Functions: Huge call overhead. Not usable for library functions, so internally perl uses ops for most library calls! No method call optimizations besides MIC (monomorphic inline caching). No inlining, the most important language implementation feature. No macros, unevaluated arguments. No signatures, well they are in but a joke. No types, but this is tricky I admit. No multi dispatch, leading to poor OO. My function calls were 200x faster in p2, using a proper calling convention.

Classes: Don’t exist. Various variants exist, but none of them is good enough for any self-respecting language. Just look at what PHP did there recently. Proper design and proper implementation.

But the biggest problem: The not existing management. Management is done via marketing only, but not by helping the devs, helping the project and helping the users. We really need a technical lead, not a community lead.
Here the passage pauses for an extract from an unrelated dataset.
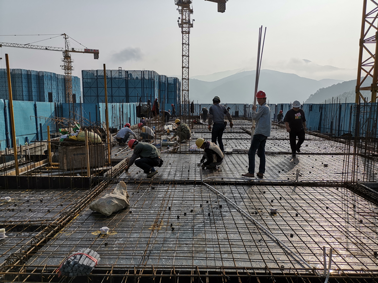 七公司天長恒大湖山半島三標(biāo)段項目、中海江北G06地塊一標(biāo)段兩項目:五一期間,約400位一線職工集體加班搶進度,澆筑混凝土、綁扎鋼筋,澆筑防水保護層。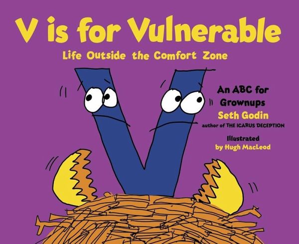 V is for Vulnerable looks and feels like a classic picture book. But it's not for kids, it's for hardworking adults. It highlights twenty-six of Seth Godin's principles about treating your work as a form of art, with illustrations by acclaimed cartoonist Hugh MacLeod. A sample:

Why do we need a community pumpkin who finds out that someone finally implemented bind my $a := $b;, but with the interesting name refaliasing and the syntax \my $a = $b; and could do nothing about it. Marketing jumped on and declared it as “It’s cleaner, safer, and faster.” schmorp called them clowns. He is right.

And the destructive elements are on its rise. Indirect method calls are currently in danger with 5.24. They cannot explain to the poor user that the parser is dynamic, that perl is a dynamic language. After decades of defending dynamicsm over gradual typing they suddenly announce to favor static dispatch only. It makes sense in a business environment, yes, but not for normal perl script usage.
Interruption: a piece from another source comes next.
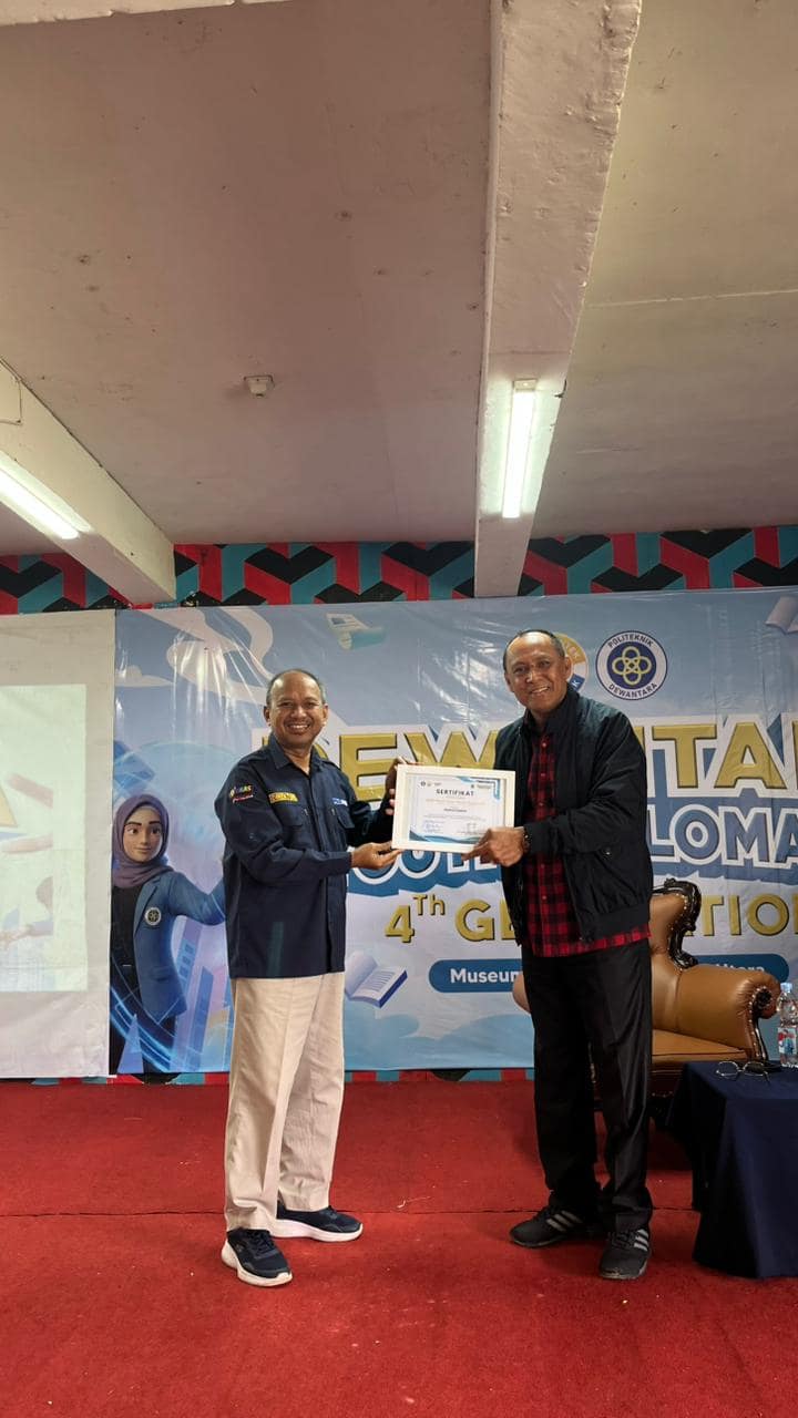 Di akhir kegiatan, Direktur Politeknik Dewantara, Dr. Suaedi, M.Si., secara simbolis menyerahkan sertifikat kepada pemateri sebagai bentuk apresiasi. Kegiatan ditutup dengan sesi foto bersama antara pemateri, pimpinan, dosen, dan peserta DYD Generation 4th 2026.

my $file = new File $path, $data
save $file;

See http://perl5.git.perl.org/perl.git/blob/HEAD:/pod/perlobj.pod#l685: “Outside of the file handle case, use of this syntax is discouraged as it can confuse the Perl interpreter” (clearly only p5p is confused about that) vs my variant: “Indirect Object Syntax resolves the syntax dynamically.”
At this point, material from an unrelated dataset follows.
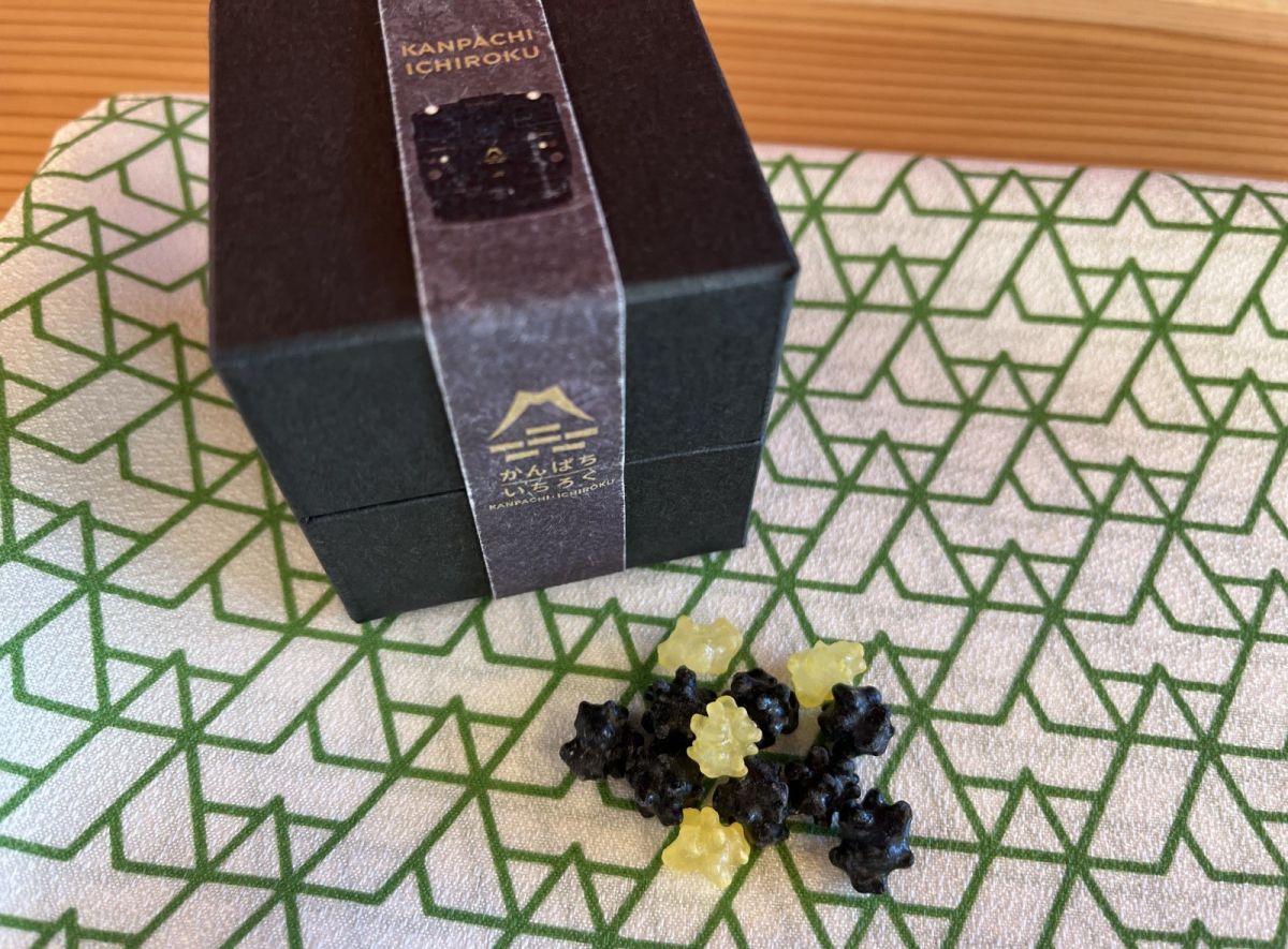 車内販売で「かんぱち・いちろく」グッズをおみやげに購入します。ブラックとイエローで車体イメージそのままの「オリジナル金平糖」600円、「クリアファイル」500円は手軽で、おみやげにピッタリです。

Parrot had a very similar history to perl5. When the competent authors left after heavy infighting the inmates took over the asylum and ran it into the ground.

Now to the perl6 coincidences. Interestingly, when I started working on cperl, perl6 was at about the same stage with their features. Just they could do it in perl6 or nqp, I did it in C. I added my native types, when they added theirs. I added my shaped arrays and native arrays, when they added theirs. I skipped the uni and Uni part, efficient representation of unicode strings, and my type inferencer is primitive and does not work for user functions yet. They already have a proper OO system. I’m still on the design of class and multi methods. But when looking how it should be implemented I rather look at how the good VM’s solved it, such as self/smalltalk/strongtalk/potion or lisp based VM’s, and only rarely look over to the perl6 implementation. A C implementation usually makes more sense to me.

Can it be modified to compile Perl 6?

No, of course not. I don’t care much about perl6 the VM and the language. I do care about improving perl5 based on perl6 syntax decisions. Previously I did care about perl6 when I finally could start to fix and improve parrot. And I cared about a perl6 VM with potion/p2. But then I cared more for a unified VM for both, a unified perl11. Only a subset of perl6 which is relevant to perl5, and eventually support for multiple syntax blocks within the same program. Which I did implement in a performant way, not the HLL hack as used in perl6 or parrot.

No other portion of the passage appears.